=== Your assignment ===
The output is a word-for-word repeat of the listing below, free of images.

===== Provided material

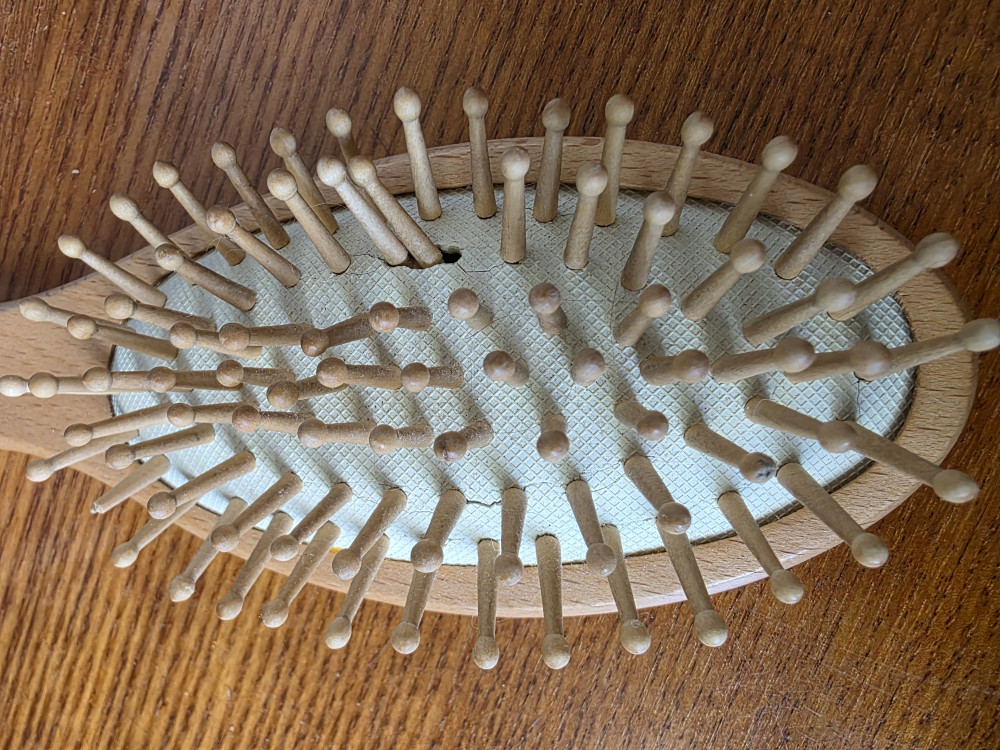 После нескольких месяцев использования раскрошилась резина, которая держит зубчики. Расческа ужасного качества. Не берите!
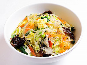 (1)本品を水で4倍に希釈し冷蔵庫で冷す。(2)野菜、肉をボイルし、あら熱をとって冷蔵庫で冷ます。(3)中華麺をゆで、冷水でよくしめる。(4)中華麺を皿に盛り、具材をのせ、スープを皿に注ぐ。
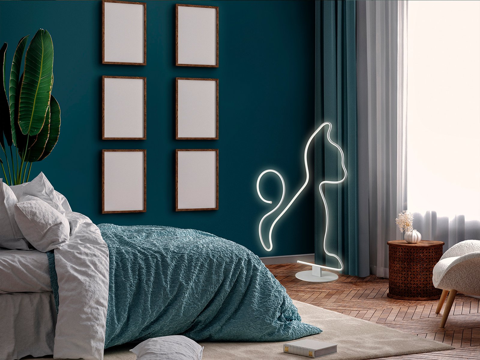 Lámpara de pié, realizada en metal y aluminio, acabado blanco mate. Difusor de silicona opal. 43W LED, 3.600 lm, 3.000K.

==========

=== Problem solution ===
 После нескольких месяцев использования раскрошилась резина, которая держит зубчики. Расческа ужасного качества. Не берите!
 (1)本品を水で4倍に希釈し冷蔵庫で冷す。(2)野菜、肉をボイルし、あら熱をとって冷蔵庫で冷ます。(3)中華麺をゆで、冷水でよくしめる。(4)中華麺を皿に盛り、具材をのせ、スープを皿に注ぐ。
 Lámpara de pié, realizada en metal y aluminio, acabado blanco mate. Difusor de silicona opal. 43W LED, 3.600 lm, 3.000K.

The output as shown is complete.